Reproduced on macOS, but affects all platforms.

## What did you do?

Created a gRPC async server with `maximum_concurrent_rpcs=1` and sent multiple concurrent requests in waves.

On our production servers we saw prometheus metrics where some of our grpc processes where having >18 concurrent active requests, while we have set the `maximum_concurrent_rpcs` to 2. This causes every request to this service to be incredibly slow and likely timeout. For now we have deployed a workaround with a manual check using the stdlib semaphore, and returning RESOURCE_EXHAUSTED from the python handler.

## What did you expect to see?

Only 1 RPC should be processed concurrently at any time. Requests exceeding the limit should receive `RESOURCE_EXHAUSTED` status.
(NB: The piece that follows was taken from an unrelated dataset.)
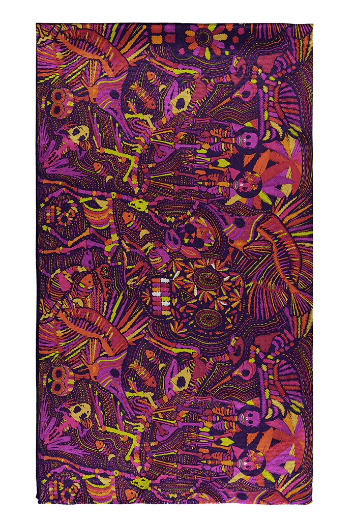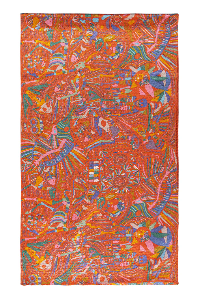 Chalina con orilla cosida y flecos deshilados a mano.

## What did you see instead?

After the first wave of requests (where some are correctly rejected with `RESOURCE_EXHAUSTED`), subsequent waves of requests bypass the limit entirely, allowing unlimited concurrent RPCs.

**Reproduction output:**
```
WAVE 1: Sending 3 concurrent requests (limit=1)
[HANDLER] START request 'w1r0', concurrent=1, max_seen=1
[CLIENT] Wave1/req2 failed: RESOURCE_EXHAUSTED - Concurrent RPC limit exceeded!
[CLIENT] Wave1/req1 failed: RESOURCE_EXHAUSTED - Concurrent RPC limit exceeded!
[HANDLER] END request 'w1r0', remaining=0
[CLIENT] Wave1/req0 succeeded

WAVE 2: Sending 3 more concurrent requests
[CLIENT] Wave2/req0 failed: RESOURCE_EXHAUSTED
[HANDLER] START request 'w2r1', concurrent=1, max_seen=1
[HANDLER] START request 'w2r2', concurrent=2, max_seen=2  <-- BUG: 2 concurrent with limit=1!
[CLIENT] Wave2/req1 succeeded
[CLIENT] Wave2/req2 succeeded

RESULTS:
  Wave 1: 1 success, 2 resource_exhausted
  Wave 2: 2 success, 1 resource_exhausted  <-- BUG: should be 1 success, 2 exhausted
  Max concurrent seen in handler: 2  <-- BUG: should never exceed 1
```

## Root Cause

The `_ConcurrentRpcLimiter` class in `src/python/grpcio/grpc/_cython/_cygrpc/aio/server.pyx.pxi` has asymmetric increment/decrement logic:

1. `check_before_request_call()` (line 879-883): Only increments `_active_rpcs` when the limit is NOT exceeded:
   ```python
   def check_before_request_call(self):
       if self._active_rpcs >= self._maximum_concurrent_rpcs:
           self.limiter_concurrency_exceeded = True
       else:
           self._active_rpcs += 1  # Only incremented when NOT exceeded
   ```

2. `_server_main_loop()` (line 1008-1009): Always calls `decrease_once_finished()`, regardless of whether the request was accepted or rejected:
   ```python
   if self._limiter is not None:
       self._limiter.decrease_once_finished(rpc_task)  # Always called!
   ```

This means rejected requests still decrement the counter when they finish, causing it to go negative. With a negative counter, the check `_active_rpcs >= _maximum_concurrent_rpcs` always passes, effectively disabling the limit.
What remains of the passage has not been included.